Exercise prompt: Pictures aside, reproduce exactly each line from the one holding "Elegant Wooden Cat" through the last line of the material, both ends included.

Records for processing:
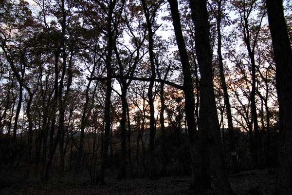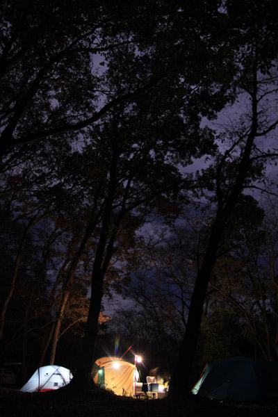 日が暮れるのは早い。そもそも針葉樹林の中だから、基本的には射し込む光のみで暗め。日が暮れると一気に暗くなるし、気温がグググって下がるのがわかる。
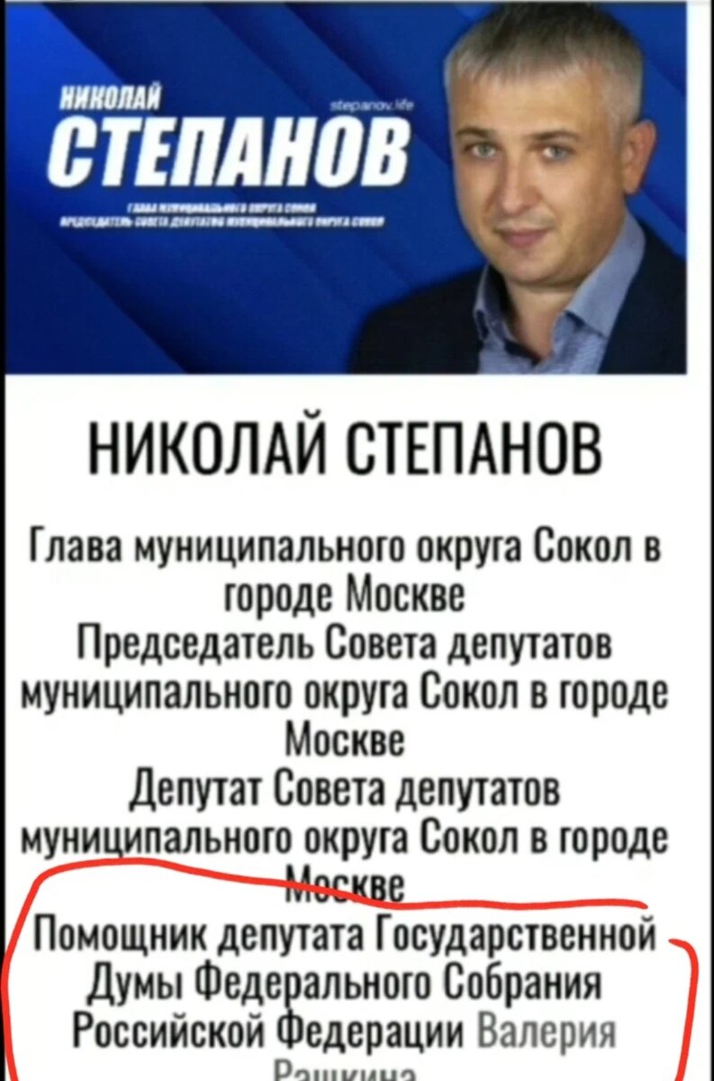 глава Совета депутатов района Сокол с 2017 года становится любимчиком КПРФ и постоянно выдвигается персеком МосКПРФ Валерий Рашкин , став его помощником Госдуме.
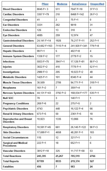 - Krvarenje (sve vrste) – 1.878 (Pfizer) + 4.261 (AZ) + 203 (Moderna) + 18 (nepoznato) = 6.360 [Vrste hemoragije – srčane, ušne, nadbubrežne, očne, želučane, usta, jezik, desni, crevne, mjesto ubrizgavanja, mozak, rane, stoma, bešika, bubreg, vagina, materica, krvarenje poslije menopauze, jajnici, penis, pluća, nos]
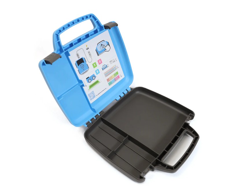 Hard protective case, storage for an Indi robot and accessories, quick organisation of equipment and secure transport for educational activities.
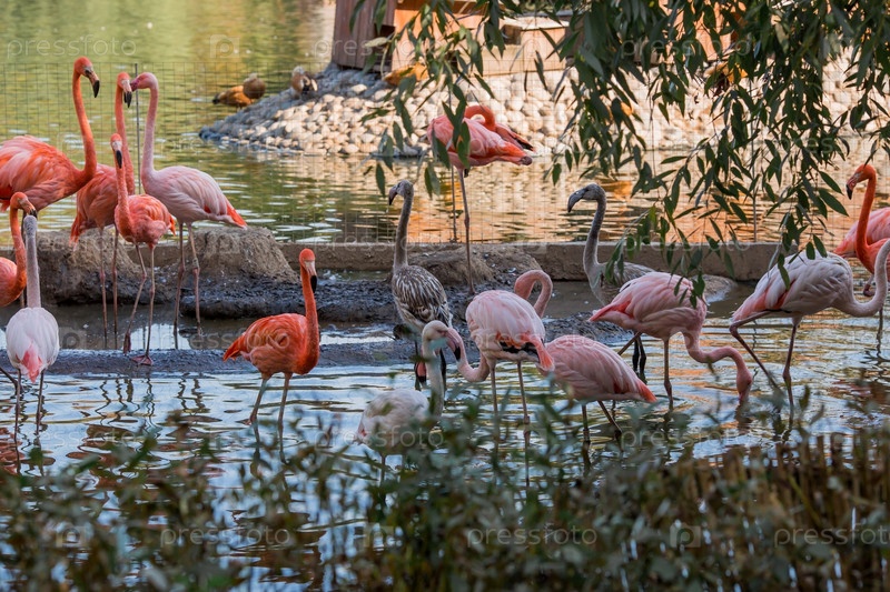 Птицы. Розовые и ярко-красные фламинго в Московском зоопарке
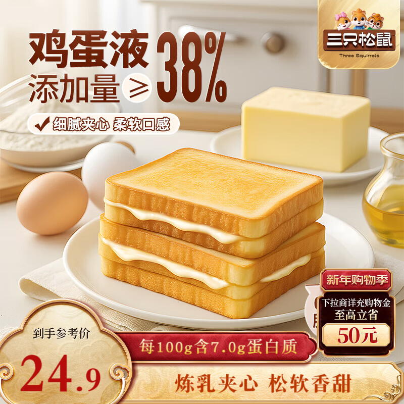 三只松鼠氧气吐司炼乳夹心早餐代餐休闲零食吐司面包办公室点心800g/箱
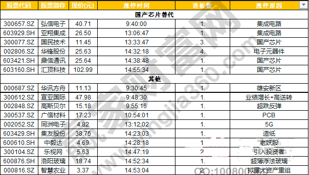 盤面上,有報道稱中國行業(yè)和監(jiān)管機構將商討推進本土芯片產業(yè)發(fā)展措施,芯片概念股逆市走強,華鋒股份(002806)四連板,弘信電子(300657)、國民技術(300077)等漲停。雄安概念股午后集體拉升,北京科銳(002350)盤中一度封板。樂視網(wǎng)(300104)再度漲停,四天三板。海南板塊大幅殺跌,海航創(chuàng)新(600555)、鈞達股份(002865)等觸及跌停,羅牛山(000735)、羅頓發(fā)展(600209)、海南瑞澤(002596)、海南高速(000886)、海峽股份(002320)等個股大跌。
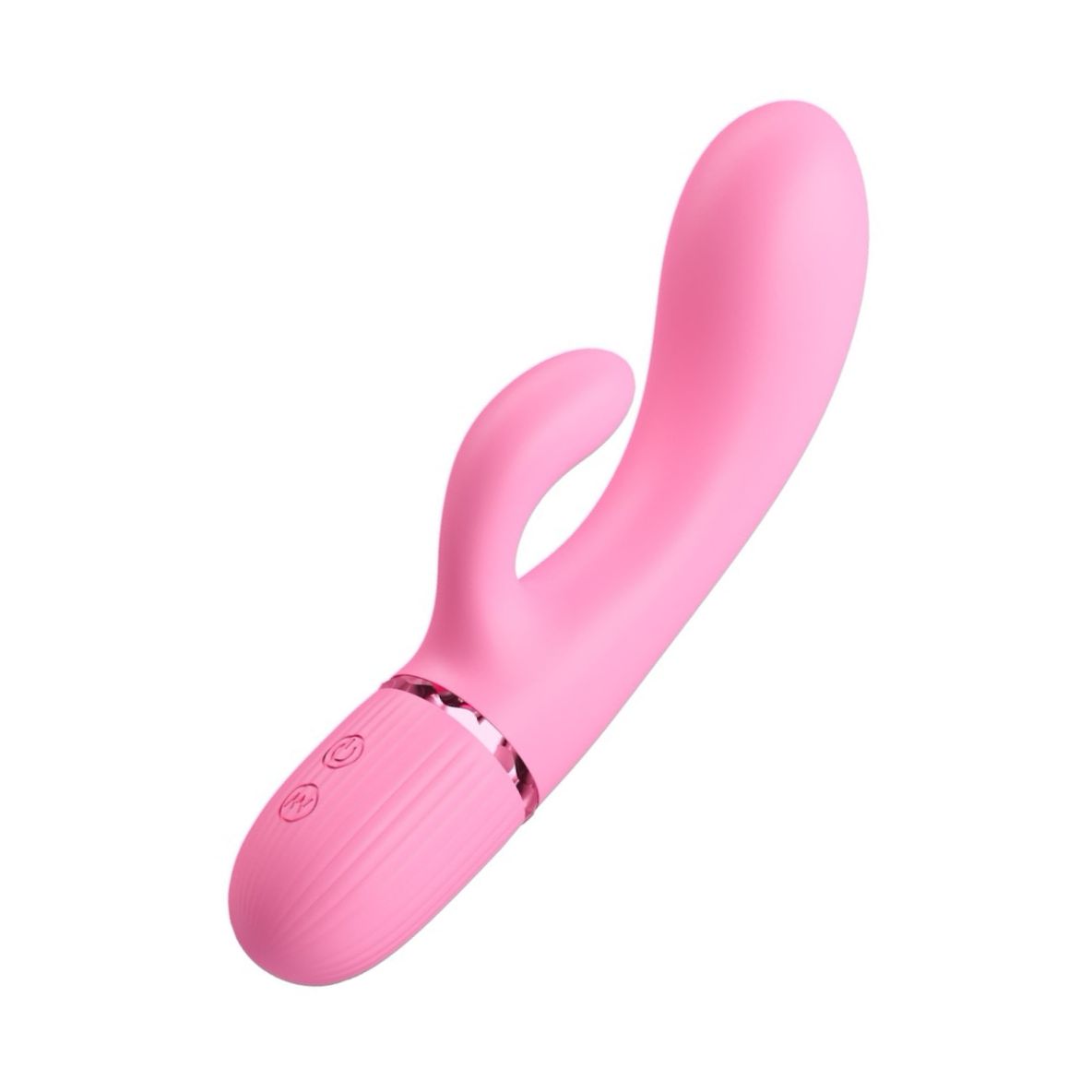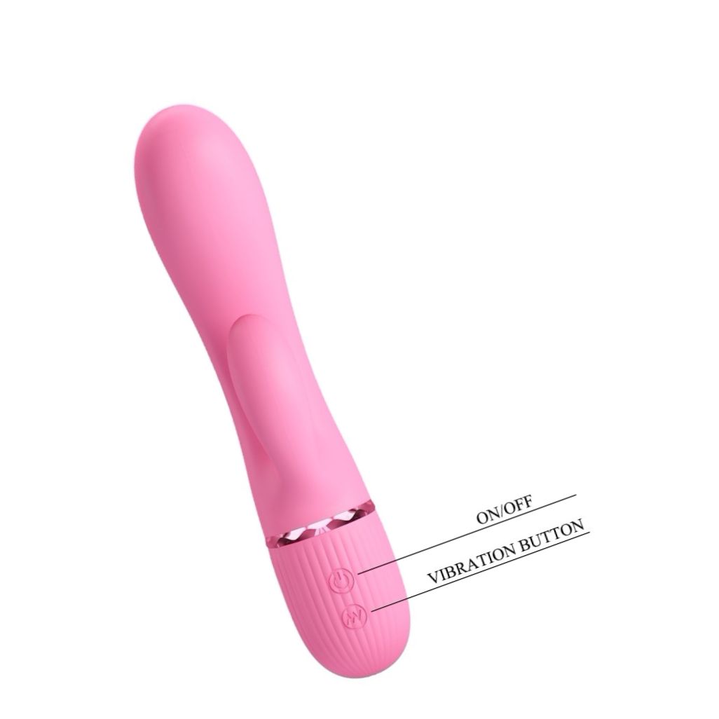 Vibrator bunny Pretty Love Marski Pink, din silicon catifelat, cap curbat pentru punctul G și stimulant clitoral. 10 feluri de vibrație, reîncărcabil USB, tenace la apă. Recomandat lubrifianți pe bază de apă.
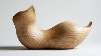 Elegant Wooden Cat Sculpture: A Study in Form and Texture
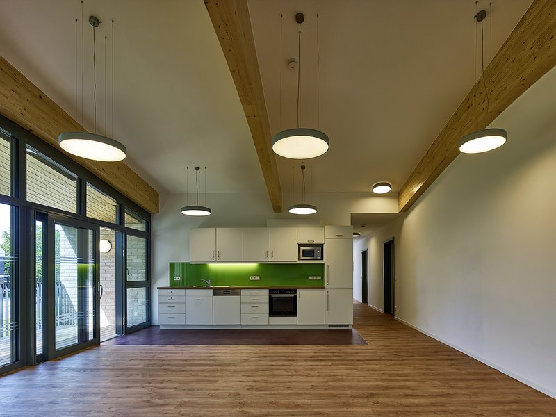 In jeder Wohnung finden sechs Bewohner ein eigenes Zimmer sowie Bad vor. Das Herzstück jeder Wohnung bildet ein großer nach Süden orientierter Gemeinschaftsbereich zum Kochen, Essen und Wohnen. Die hier platzierte offene Küche lädt zum gemeinsamen Kochen ein und stärkt das Miteinander der Bewohner. Von dem gemütlichen, hellen Wohnbereich haben sie über große Glasflächen einen direkten und freien Ausblick auf den Garten. Die dazwischen angeordnete Terrasse erweitert den Wohnraum nach draußen. Im Obergeschoss schließen Loggien an den Gemeinschaftsbereich an und bilden diesen geschützten Übergang.
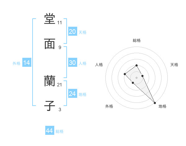 堂面 蘭子さんの総格は44画の2点!

Answer to the problem:
 Elegant Wooden Cat Sculpture: A Study in Form and Texture
 In jeder Wohnung finden sechs Bewohner ein eigenes Zimmer sowie Bad vor. Das Herzstück jeder Wohnung bildet ein großer nach Süden orientierter Gemeinschaftsbereich zum Kochen, Essen und Wohnen. Die hier platzierte offene Küche lädt zum gemeinsamen Kochen ein und stärkt das Miteinander der Bewohner. Von dem gemütlichen, hellen Wohnbereich haben sie über große Glasflächen einen direkten und freien Ausblick auf den Garten. Die dazwischen angeordnete Terrasse erweitert den Wohnraum nach draußen. Im Obergeschoss schließen Loggien an den Gemeinschaftsbereich an und bilden diesen geschützten Übergang.
 堂面 蘭子さんの総格は44画の2点!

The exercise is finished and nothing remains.